The US Environmental Protection Agency (EPA) has refused to disclose the identity of a whistleblower who provided the chief of staff with a text of an employee’s testimony. The agency’s watchdog has escalated the matter to US Congress.
The so-called “deep state”” is seeking to destroy a top EPA employee, says Mandy Gunasekara, a former official with the agency’s air and radiation department, according to The Daily Caller.
According to Gunasekara, acting Inspector General Charles Sheehan is on a personal quest to oust Ryan Jackson, the agency’s chief of staff.
Jackson is under investigation by the office of the agency’s Inspector General over allegations that Jackson pressured an environmental chemist, Deborah Swackhamer, to alter her congressional testimony so that it downplayed a 2017 episode in which the agency dismissed several members of the Board of Scientific Counselors, the agency’s own research advisory body.
In his 5 November letter, Jackson slammed Inspector General Sheehan for his investigation tactics, saying his investigators barged into his office unannounced and sought to discuss personnel matters, but the next day changed the topic dramatically.
Jackson said the investigators wanted to learn from him the identity of the person who handed him Deborah Swackhamer’s testimony. He slammed the investigators for not telling him the reason for their inquiry and refused to schedule further interviews.
The inspector general then wrote a ‘seven-day letter’, a measure reserved for “particularly serious or flagrant problems, abuses or deficiencies,” which obliged EPA head Andrew Wheeler to explain the situation in a letter to Congress within a week.
In that letter, Wheeler said the agency provided “reasonable accommodations” to the investigators and supported Jackson’s refusal to identify the whistleblower’s identity, citing “constitutional concerns that are ultimately for the Agency and the [inspector general] to resolve”.

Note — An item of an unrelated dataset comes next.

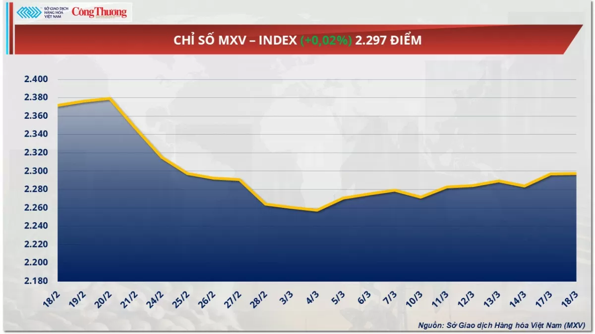 Theo Sở Giao dịch Hàng hóa Việt Nam (MXV), thị trường hàng hóa nguyên liệu thế giới diễn biến phân hóa trong phiên giao dịch ngày hôm qua (18/2). Đóng cửa, chỉ số MXV-Index tăng nhẹ 0,02% lên mức 2.297 điểm. Đáng chú ý, thị trường kim loại có tới 7 trên 10 mặt hàng giá đồng loạt tăng, trong đó giá bạc tăng lên mức cao nhất 5 tháng qua. Ở chiều ngược lại, lực bán áp đảo trên thị trường năng lượng, giá hai mặt hàng dầu thô quay đầu giảm 1%.

The EPA’s top lawyer, Matthew Leopold, defended Jackson’s refusals, saying in a 5 November letter that “it is ultimately the administrator that maintains control of the information sought and decides what constitutes an adequate accommodation by the agency of an OIG request in so far as it is practicable”. The EPA head’s response prompted Inspector General Sheehan to claim the agency was exceeding its boundaries for independence and the right to agency information.